After comparing the result of all 22 literature works in our dataset with 6 literature works that written by Amy Tan, we find that as the most famous American Chinese Author, her literature works satisfy the main trend of all American Chinese literature works. Therefore, if the publishers want to choose a book that has similar background and similar plot, and try to attract more readers, they should compare the new book to our model analysis, which could help publishers to better control their budget and predict sales more accurate.
8 Limitation
We only choose one main female character of each book and choose limited literature works of 12 authors. In this case, we may not be able to obtain the authors’ attitudes towards female image and their language habits.
Our selection of words is not scientific because we may extract some irrelevant information or words originally used to describe other character. For example, when the character talks about other person, these words will be extracted according to our code, but these words are supposed to portray other character.
In our evaluation, we only choose one literature work Huntress to test our model. However, it is possible that the female characters of Huntress don’t have something common with that of other 21 literature works.
As for our sentiment analysis, we conclude that the female characters in the chosen novels are portrayed negatively. The reason why this phenomenon occurs is that the author has gender discrimination, or women at a particular time have a very low social status.
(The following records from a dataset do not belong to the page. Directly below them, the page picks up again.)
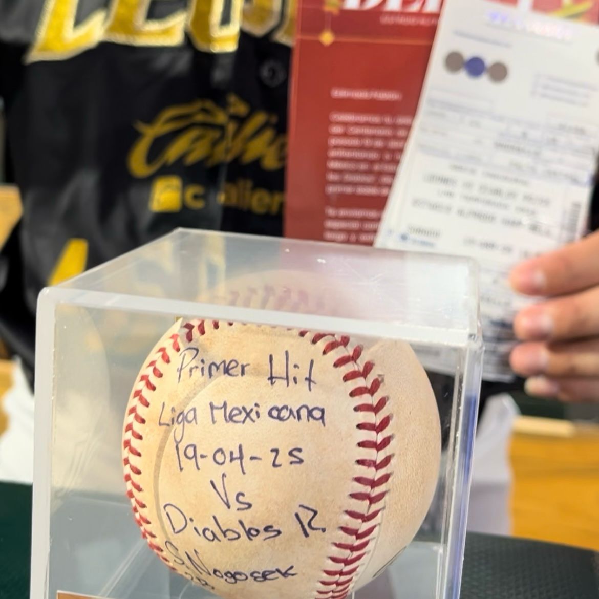 El pelotero bonfileño, quien debutó este año en la LMB con los Leones de Yucatán, se hizo acreedor a la pelota con la que conectó su primer imparable, mismo que fue un doblete ante los Diablos Rojos del México el pasado 19 de abril en el estadio “Alfredo Harp Helú” de la Ciudad México.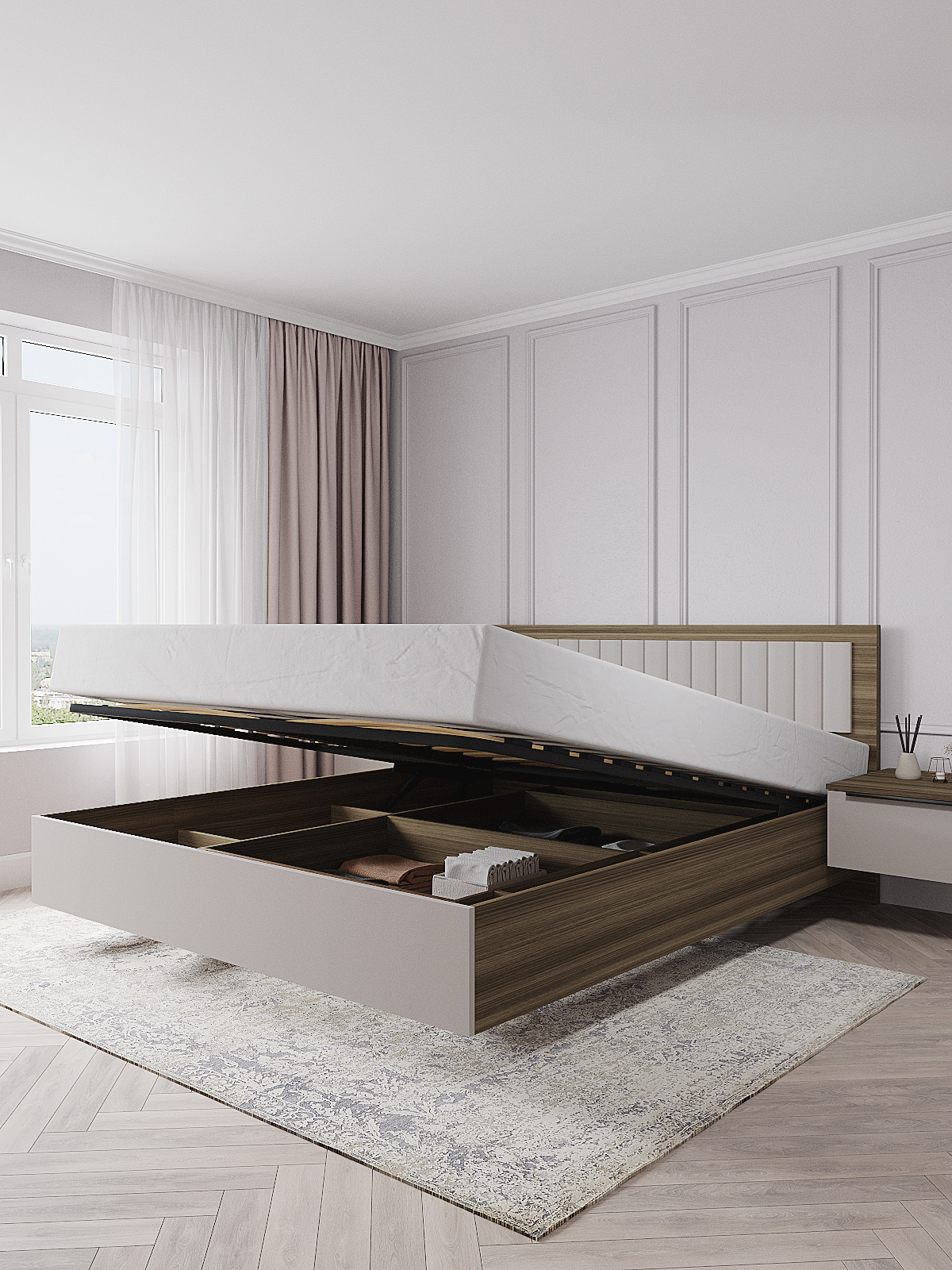 Кровать «Роза» — это элегантная и удобная кровать, которая станет прекрасным дополнением к любому интерьеру. Изголовье выполнено из расширенной ЛДСП плиты толщиной 32 мм. и МДФ вставки, которая придает кровати дополнительную элегантность. Ортопедическое основание на газлифтах обеспечивает легкий доступ к хранилищам внутри кровати, которые вы можете использовать для хранения постельного белья, одежды и других вещей.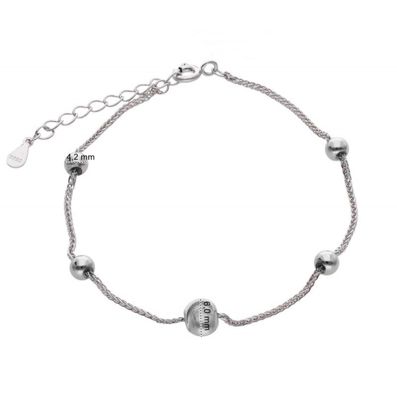 Bransoletkę zdobią kulki o średnicy ok. 4,2 mm i 6 mm, które nadają całości lekkości i nowoczesnego charakteru. Prosta forma sprawia, że model pasuje zarówno do zegarka, jak i innych bransoletek, tworząc modne zestawy warstwowe.

9 Conclusion and Further Direction
In conclusion, we find that sentiment scores tend to be negative according to our analysis. At the same time, we notice that female is in lower social status, their living situation is tough, and traditional female images are courageous, tough, taciturn, and thoughtful. However, we think 22 literature works from 12 American Chinese authors are not enough dataset to do completed analysis, we should find a better scientific way that can find exact words to describe the main characters in the literature works, and we think the character networking in the literature works could help us to do better literature analysis.
10 Reference
- “Use Good Words, Not Bad Ones.” The Economist, The Economist Newspaper, 25 Mar. 2015, www.economist.com/blogs/prospero/2015/03/johnson-writing-style.
- “Language Log.” Language Log » Moar Verbs, Mark Literman, 24 Mar. 2015, languagelog.ldc.upenn.edu/nll/?p=18398.
- “POS Tagging.” POS Tagging - CSDN Blog, Fxjtoday, 26 Aug. 2010, blog.csdn.net/fxjtoday/article/details/5841453.
- Socher, Richard. “Deep Learning for Sentiment Analysis - Invited Talk Proceedings of the 7th Workshop on Computational Approaches to Subjectivity, Sentiment and Social Media Analysis, 2016, doi:10.18653/v1/w16-0408.